I'll try to be there regardless of the date.


----------



## Hillbilly SQ (Jan 26, 2007)

My vote goes for November due to cooler weather. Things just seem to sound better when you don't have sweat pouring off of you. Need motivation to get my truck done.


----------



## bertholomey (Dec 27, 2007)

November for me!


----------



## ErinH (Feb 14, 2007)

Hillbilly SQ said:


> My vote goes for November due to cooler weather. Things just seem to sound better when you don't have sweat pouring off of you. Need motivation to get my truck done.

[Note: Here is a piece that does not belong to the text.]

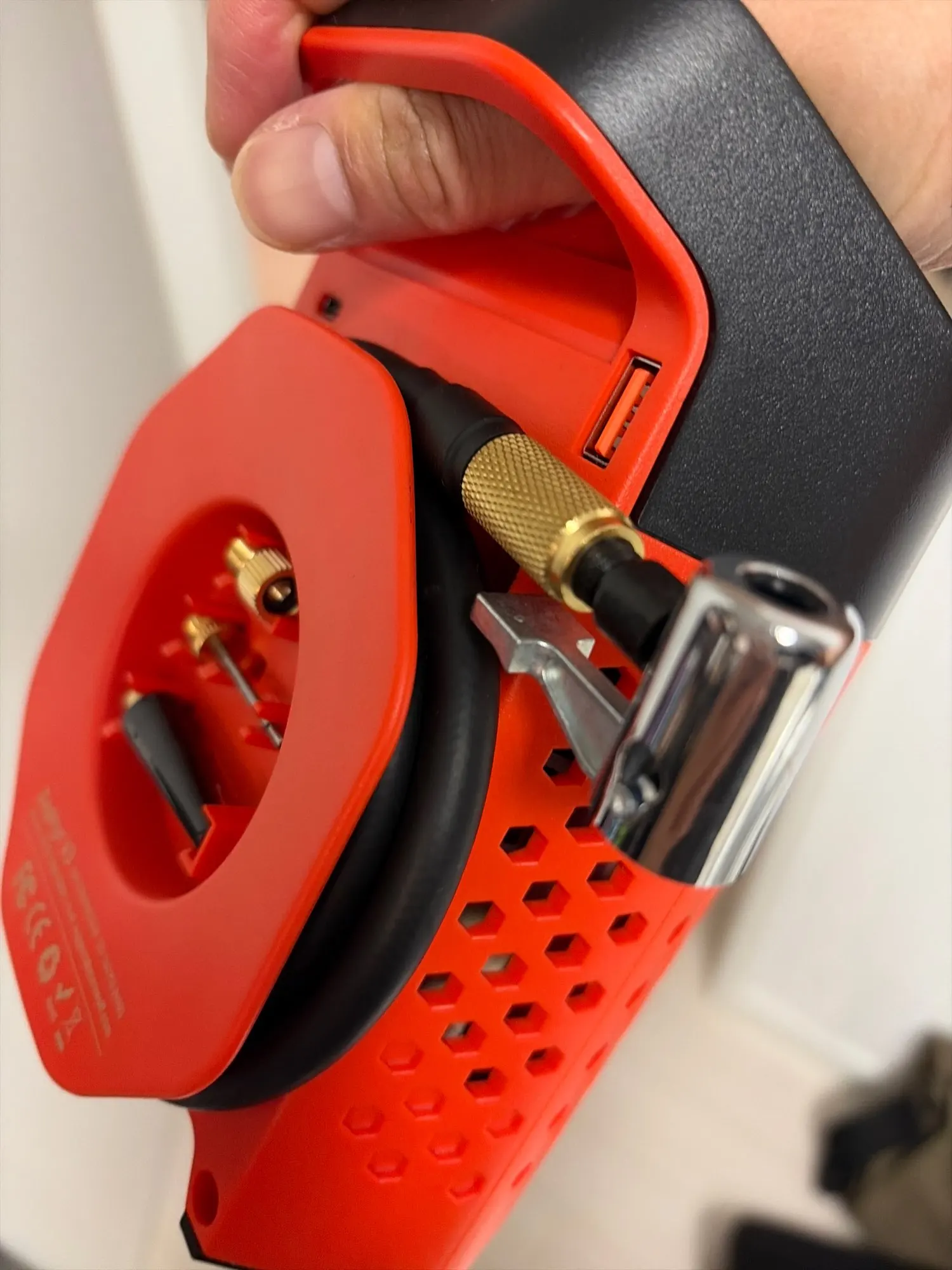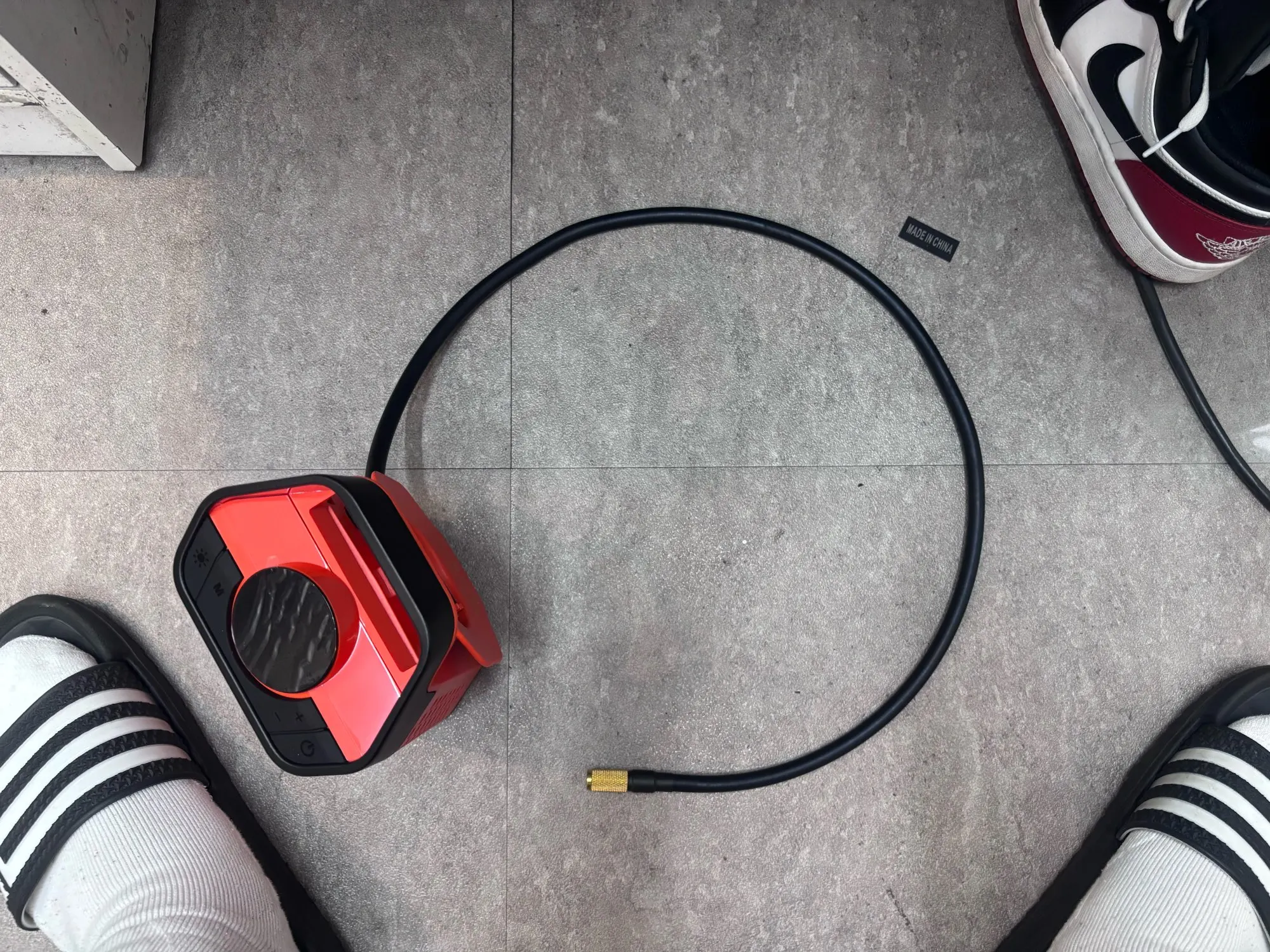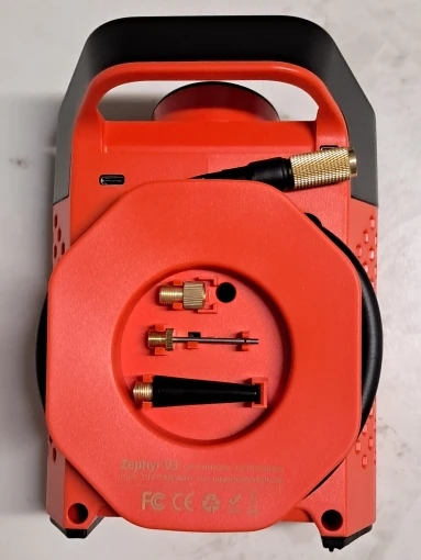 The size was more compact than expected, which was good. I added about +5PSI to the air pressure of 8 wheels on 2 vehicles, and it seems like there's about 1/3 of the battery left, so I'm satisfied with the margin. The speed is very fast, taking less than 10 minutes for one vehicle or about 1 minute per wheel. The air hose is long, and it's wrapped around the back of the main body, which is another reason for high satisfaction. The rest is similar to other brands' products.

No joke. Even when it's cool outside its hot in a car. The Atlanta meet last month is a perfect example. Nice cool 60 deg weather but hot inside the cars. 

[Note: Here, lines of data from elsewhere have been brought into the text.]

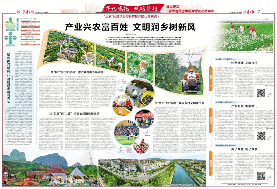 扎实推进乡村振兴,山西立足“特”“优”农业禀赋,走出产业强、农村美、农民富的融合发展之路。粮食安全是“国之大者”,去年山西粮食总产量达293.74亿斤,超额完成国家任务,今年更以粮食单产提升工程为抓手,在20个县开展整建制单产提升,推广“膜侧播种+”“浅埋滴灌+”等有机旱作技术,让每一寸耕地都成为“丰收田”。产业振兴是乡村振兴的重中之重,山西新创建2个国家现代农业产业园、1个国家优势特色产业集群,培育省级以上龙头企业1039家,打造高粱、中药材等9个百亿级产业链,“有机旱作・晋品”品牌从广州、成都走向全国,既让“土特产”变身“金招牌”,更让农民深度融入产业链条,分享发展红利。
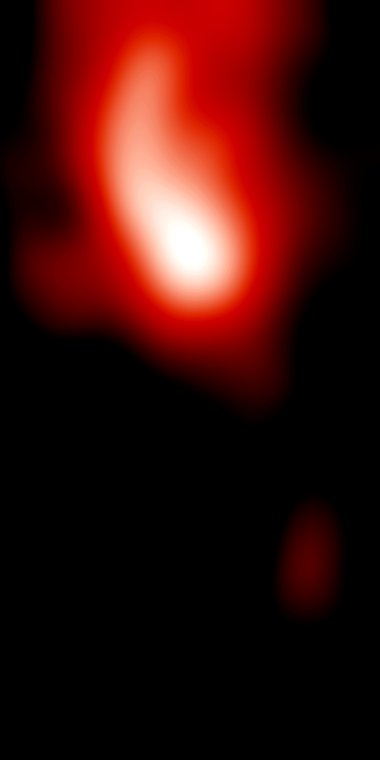 なっているため、波長30ミクロンの中間赤外線でしか長く伸びた構造は見られません。
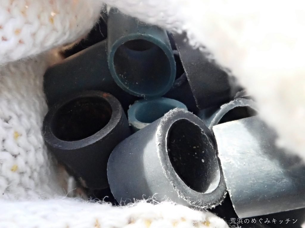 「豆管」と呼ばれる指先くらいの大きさのコレは、牡蠣の養殖に使うものなので、別に回収して再利用します。
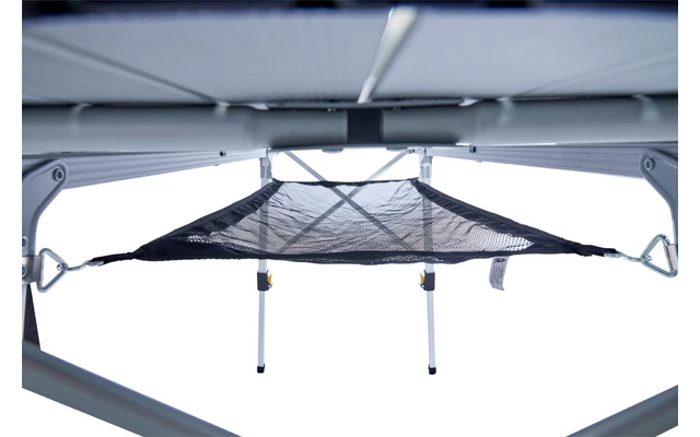 Leichter Aluminiumfalttisch mit Rollplatte und einzeln höhenverstellbaren Beinen, der einfach aufzubauen, Ă€uĂerst stabil und extrem leicht ist. Egal, ob auf unebenen UntergrĂŒnden oder fĂŒr Kindern, damit sie richtig am Tisch sitzen können â der Falttisch »Variety« ist dank seiner stufenlos höhenverstellbaren Tischbeine immer auf der Höhe. DIe robuste Rollplatte aus leichtem Aluminium ist schnell installiert und bietet reichlich Platz fĂŒr bis zu sechs Personen. Nach dem Gebrauch lĂ€sst sich der Campingtisch leicht reinigen und Ă€uĂerst platzsparend zusammenklappen.

So far the popular vote seems to be then as well. I just didn't know if it might be too cold. But you can always bundle up. 

I'm going to reach out to a couple vendors and see if we can the any sort of support for the meet. Hopefully it'll be a good time.


----------



## Hillbilly SQ (Jan 26, 2007)

bikinpunk said:


> No joke. Even when it's cool outside its hot in a car. The Atlanta meet last month is a perfect example. Nice cool 60 deg weather but hot inside the cars.
> 
> So far the popular vote seems to be then as well. I just didn't know if it might be too cold. But you can always bundle up.
> 
> I'm going to reach out to a couple vendors and see if we can the any sort of support for the meet. Hopefully it'll be a good time.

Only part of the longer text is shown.